Code repository for this paper:
DynaVol: Unsupervised Learning for Dynamic Scenes through Object-Centric Voxelization
Yanpeng Zhao, Siyu Gao, Yunbo Wang†, Xiaokang Yang
-[2024.1.17] DynaVol got accepted by ICLR2024!
git clone https://github.com/zyp123494/DynaVol.git
cd DynaVol
pip install -r requirements.txt
Pytorch, torch_scatter and DGL(CPU version is sufficient) installation is machine dependent, please install the correct version for your machine.
DynaVol dataset is available at GoogleDrive or OneDrive. For each scene, we release the static data, dynamic data, and dynamic data which is collected by 4 fixed views(can be used to train DeVRF). Please refer to the following data structure for an overview of DynaVol dataset.
[3ObjFall|6ObjFall|...]
├── static
│ └── ├── [train|val|test]
│ └── transforms_[train|val|test].json
├── dynamic
│ └── ├── [train|val|test]
│ └── transforms_[train|val|test].json
└── dynamic_4views
└── ├── [train]
└── transforms_[train].json
For more details of the DynaVol dataset and the code to generate it, please refer to DynaVol_dataset.
Stage1: Warmup stage
$ cd warmup
$ bash run_full.sh
Stage2: Dynamic grounding stage, modify the static_model_path in config to the checkpoint of the first stage(e.g. "/DynaVol/warmup/exp/3ObjFall/fine_last_n.tar").
$ cd ../dynamic_grounding
$ bash run.sh
Code for real-world data is coming soon!
If you find our work helps, please cite our paper.

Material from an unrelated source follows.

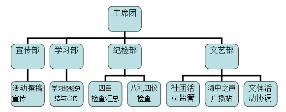 学生会主席团是学生会的最高组织,对校团委负责,统一管理下属的四个部门,合理安排监督各个部门的工作并受各部门监督。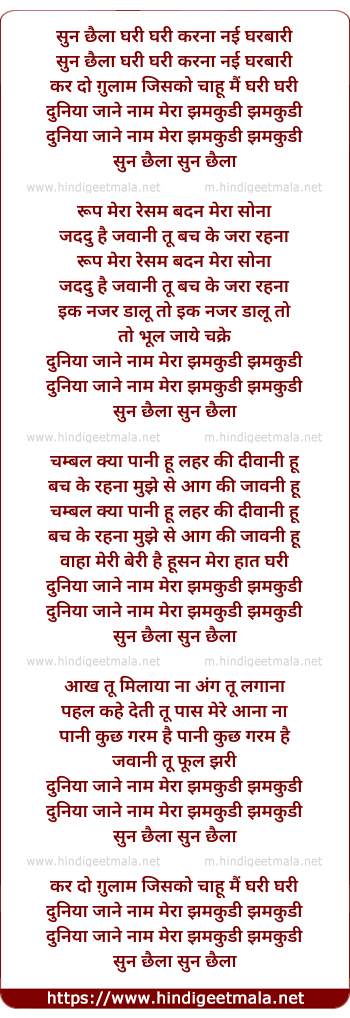duniya jane naam mera jhamkudi jhamkudi

@inproceedings{zhao2024dynavol,
author={Yanpeng Zhao and Siyu Gao and Yunbo Wang and Xiaokang Yang},
title={DynaVol: Unsupervised Learning for Dynamic Scenes through Object-Centric Voxelization},
booktitle = {International Conference on Learning Representations},
year={2024}
}
This codebase is based on DirectVoxGO and DeVRF.